ORONO — “Seriously, Funny,” the fifth iteration of the annual exhibition series “Without Borders,” a melding of culture, art and technology involving UMaine Intermedia graduate students and artists from around the country, opens Aug. 22 at Lord Hall Galleries.

The show runs through Sept. 26, with a public opening reception and a performance by artist and musician Jeremy Boyle, is scheduled Friday, Sept. 12, from 5-7 p.m. at Lord Hall on the University of Maine campus.

Over the last five years, the Without Borders Contemporary Art Festival has been an important part of the development of the Intermedia Master of Fine Arts at UMaine. Since the first show in 2004, the festival has brought together UMaine graduate students with professional artists from across the U.S. and the world to explore and present the evolving nature of creative expression. The event this year continues the tradition by focusing on the use of humor as a means to interrogate cultural, political and social concerns.

Seriously, Funny is sponsored by the Department of Art, the Department of New Media, the Intermedia Master of Fine Arts Program, the Graduate School, the College of Liberal Arts and Sciences, and Student Affairs.
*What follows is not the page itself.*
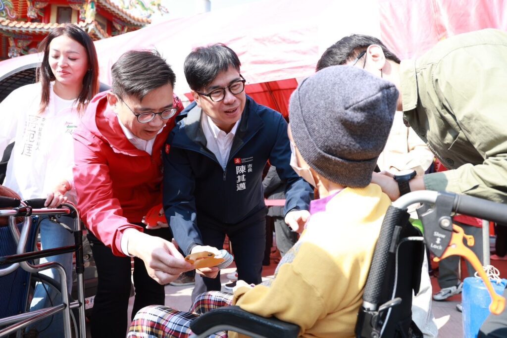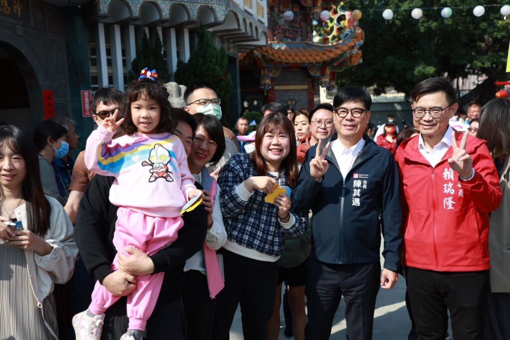 大年初二迎新春,高雄市長陳其邁今(18)日走訪彌陀彌壽宮、梓官中崙城隍廟參香祈福,現場發送小紅包為市民朋友送上新春祝福,排隊人潮絡繹不絕,現場氣氛熱鬧;隨後陪同總統賴清德前往岡山壽天宮及前鎮鎮南宮參香,祈求國泰民安、風調雨順。下午將前往旗津中洲廣濟宮與天后宮,發送新春小紅包,與市民朋友拜年。

Among this year’s participants are:

christophermichaelsullivan (CMS) (http://christophermichaelsullivan.com), an art firm that creates work analyzing how process, material and meaning circulate through society.

Jill Miller (http://www.jillmiller.net), a San Francisco-based artist renowned for her performance and installation work, is contributing “I am Making Art, Too,” a video-performance that remixes seminal conceptual artist John Baldassari’s “I am Making Art” with Miller’s break-dancing moves over rapper Missy Elliott’s “Work It” to raise questions about women’s roles in art history, authorship, appropriation, and the nature of the artistic gesture in video art.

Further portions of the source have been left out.